String Distance Metrics

We provides a collection of string distance metrics designed to quantify the similarity or dissimilarity between two strings. These metrics are useful in various applications where string comparison is needed. The available string distance metrics include:

Metric Name	Description
jaro	Measures the similarity between two strings based on the number of matching characters and transpositions.
jaro_winkler	An extension of the Jaro metric that gives additional weight to common prefixes.
hamming	Measure the difference between two equal-length sequences of symbols and is defined as the number of positions at which the corresponding symbols are different.
levenshtein	Calculates the minimum number of single-character edits (insertions, deletions, substitutions) required to transform one string into another.
damerau_levenshtein	Similar to Levenshtein distance but allows transpositions as a valid edit operation.
Indel	Focuses on the number of insertions and deletions required to match two strings.

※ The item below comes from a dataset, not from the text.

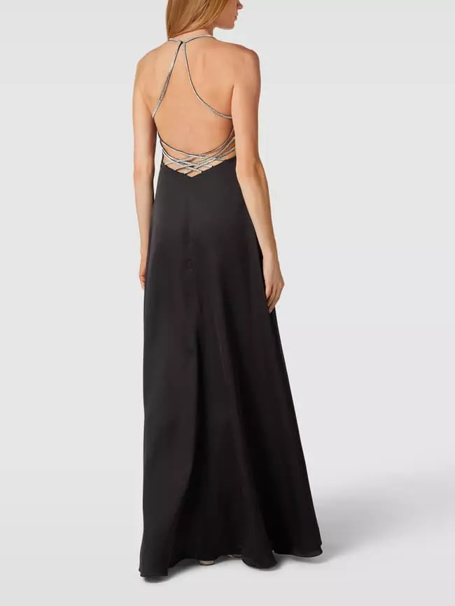 Luxuar Abendkleid Mit Strasssteinbesatz – Schwarz
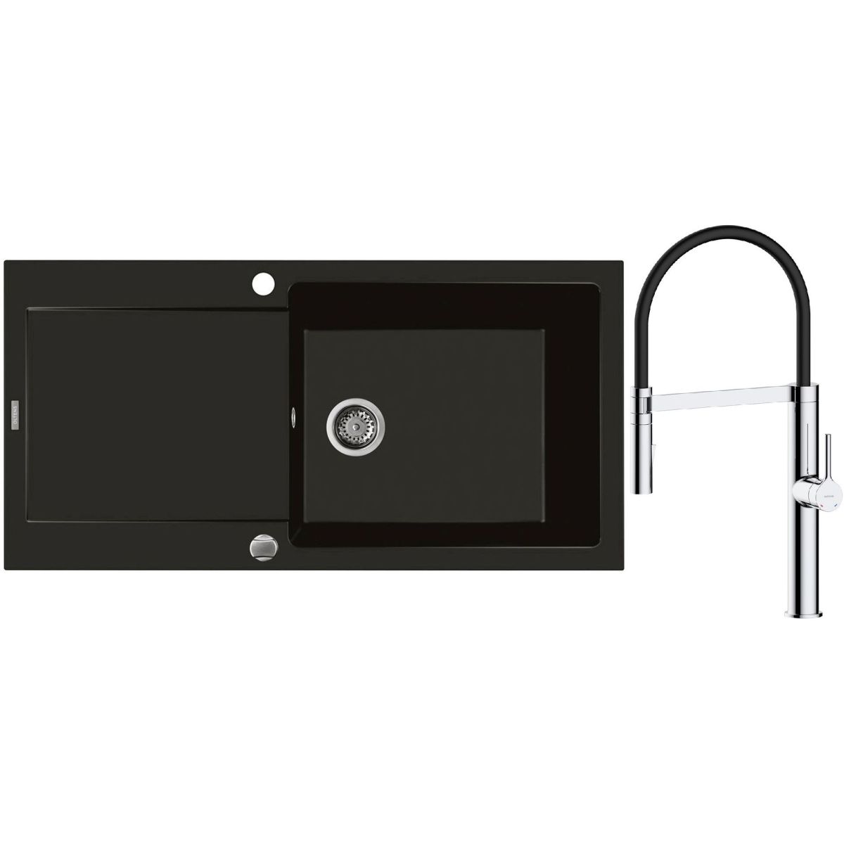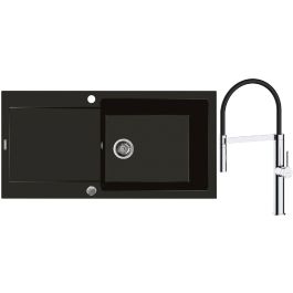 1. Oltens Gravan Granitspüle mit 1 Becken und Abtropffläche 100 x 50 cm, mattschwarz 72101300

Note: returned scores are distances, meaning lower values are typically considered “better” and indicate greater similarity between the strings. The distances calculated are normalized to a range between 0.0 (indicating a perfect match) and 1.0 (indicating no similarity).

Configuration Structure

To configure string distance metrics, you can use a YAML configuration file. The configuration structure includes:

model_parameters specifying model-related parameters.
evaluation setting the evaluation metric, distance, and threshold.
tests defining different test scenarios and their min_pass_rate.

Here’s an example of the configuration structure:

model_parameters:
  temperature: 0.2
  max_tokens: 64

evaluation:
  metric: string_distance
  distance: jaro
  threshold: 0.1

tests:
  defaults:
    min_pass_rate: 1.0

  robustness:
    add_typo:
      min_pass_rate: 0.70
    lowercase:
      min_pass_rate: 0.70